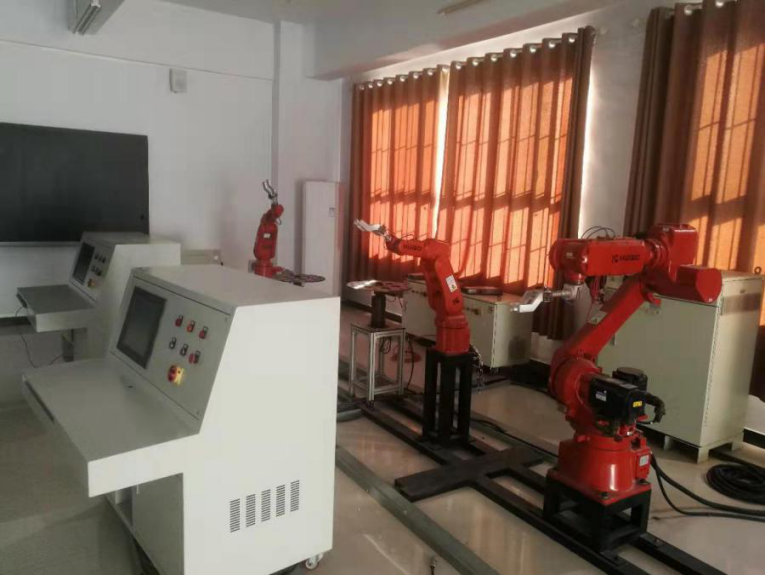 机器人创新实训室是机电工程系专业实训室之一。实训室现有各类机器人系统20台套,机器人系统的配置遵循由浅入深循序渐进的原则,其中基础教育机器人10套,六自由度机械手3台,六脚爬虫机器人3台,人形机器人、两自由度工业机械臂、四自由度工业机械臂和自主移动机器人各1套。主要面向机械制造及自动化、机电一体化技术、数控技术、建筑智能化技术等相关机电控制类课程的实践教学,也可作为机械制造与自动化、机电一体化和自动控制等相关专业学生创新性实践的活动平台。能够承担校内机器人知识培训及机器人兴趣小组,为后期学科竞赛做准备。
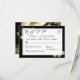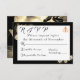 Design apresenta um fundo preto elegante com rosas de sepia ao redor de um retângulo branco mostrando texto. O texto é exibido no formato adequado para um cartão de resposta. O verso exibe uma grande imagem de um belo rosa de sépia contra um fundo preto. Uma cruz de ouro entrelaçada com dois anéis de casamento é apresentada no canto superior direito. Design é muito agradável para o olho.
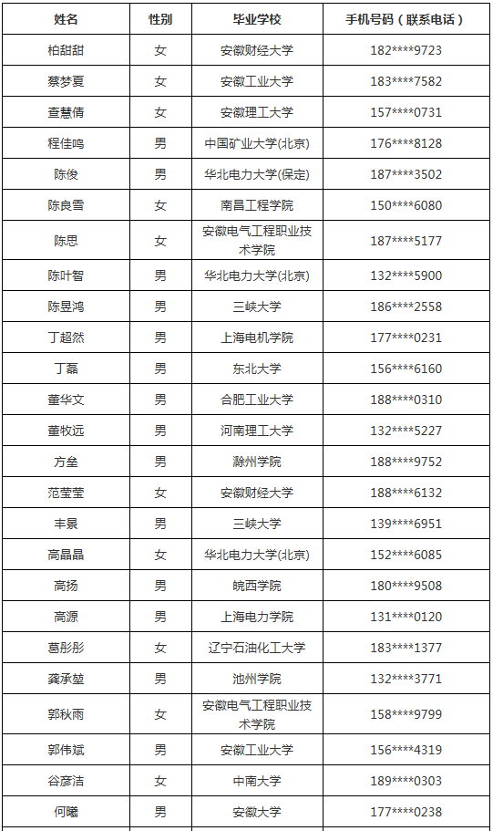 注:手機(jī)號(hào)碼(聯(lián)系電話(huà))是應(yīng)聘人在國(guó)家電網(wǎng)公司人力資源招聘平臺(tái)中登記的聯(lián)系電話(huà)。
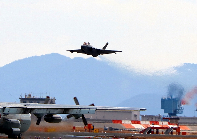 米海軍艦載機 F-35C ライトニングⅡ 戦闘機(岩国基地)、NF、311番機が離陸 |

• • • • •

EXERCISE PROMPT ->
Write out, word for word, the line containing "Design apresenta um" and each line after it to the end of the data, and nothing more. Drop the pictures.

RESPONSE TO THE TASK ->
 Design apresenta um fundo preto elegante com rosas de sepia ao redor de um retângulo branco mostrando texto. O texto é exibido no formato adequado para um cartão de resposta. O verso exibe uma grande imagem de um belo rosa de sépia contra um fundo preto. Uma cruz de ouro entrelaçada com dois anéis de casamento é apresentada no canto superior direito. Design é muito agradável para o olho.
 注:手機(jī)號(hào)碼(聯(lián)系電話(huà))是應(yīng)聘人在國(guó)家電網(wǎng)公司人力資源招聘平臺(tái)中登記的聯(lián)系電話(huà)。
 米海軍艦載機 F-35C ライトニングⅡ 戦闘機(岩国基地)、NF、311番機が離陸 |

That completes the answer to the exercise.